#### [Task requirements]
The lines from the one containing "Il contrasto nella" through the last one in the data: please copy those exactly, and only those, without the pictures.

#### [Data excerpt]
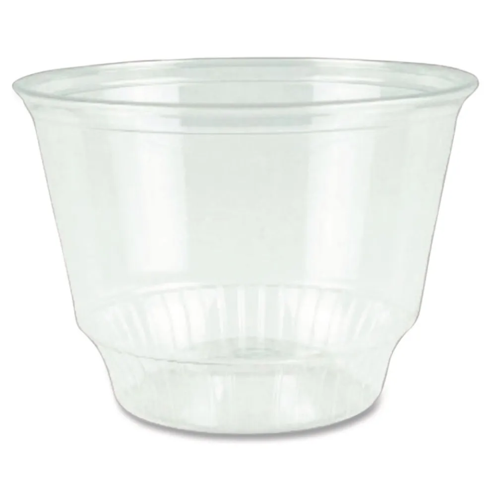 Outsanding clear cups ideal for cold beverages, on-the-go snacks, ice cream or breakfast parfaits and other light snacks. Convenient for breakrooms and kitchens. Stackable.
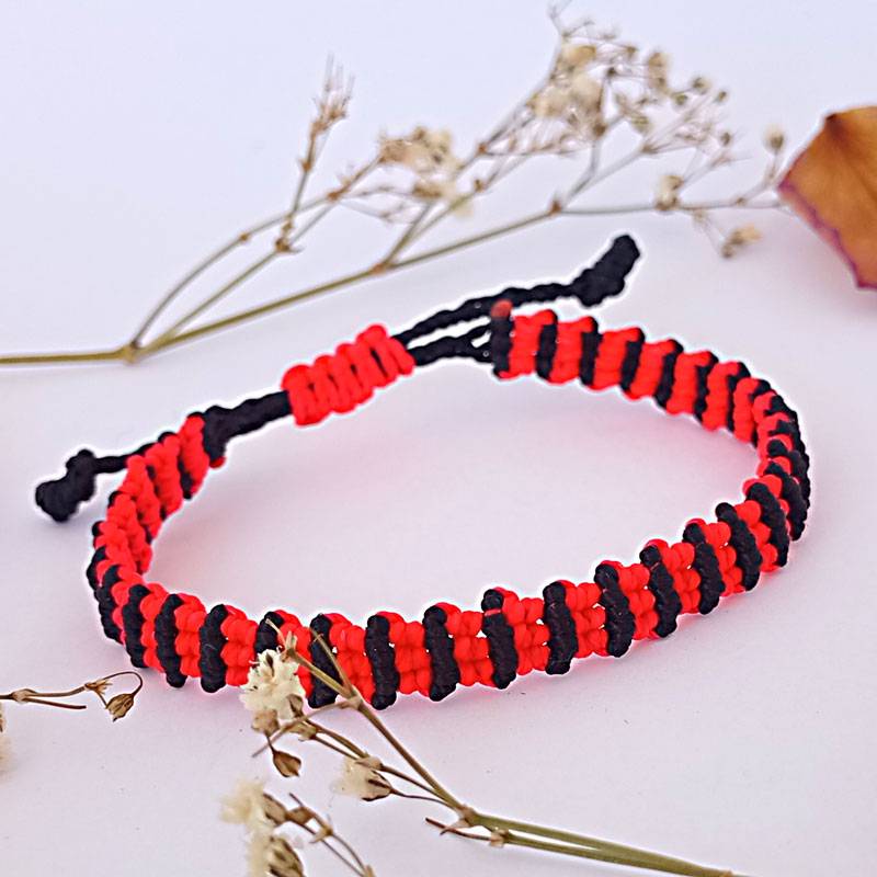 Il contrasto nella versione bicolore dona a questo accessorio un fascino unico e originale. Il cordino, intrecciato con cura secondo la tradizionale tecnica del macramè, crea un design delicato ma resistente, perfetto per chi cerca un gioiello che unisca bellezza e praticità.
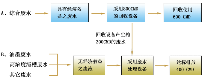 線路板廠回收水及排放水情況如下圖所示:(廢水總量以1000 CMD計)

#### [Your response]
 Il contrasto nella versione bicolore dona a questo accessorio un fascino unico e originale. Il cordino, intrecciato con cura secondo la tradizionale tecnica del macramè, crea un design delicato ma resistente, perfetto per chi cerca un gioiello che unisca bellezza e praticità.
 線路板廠回收水及排放水情況如下圖所示:(廢水總量以1000 CMD計)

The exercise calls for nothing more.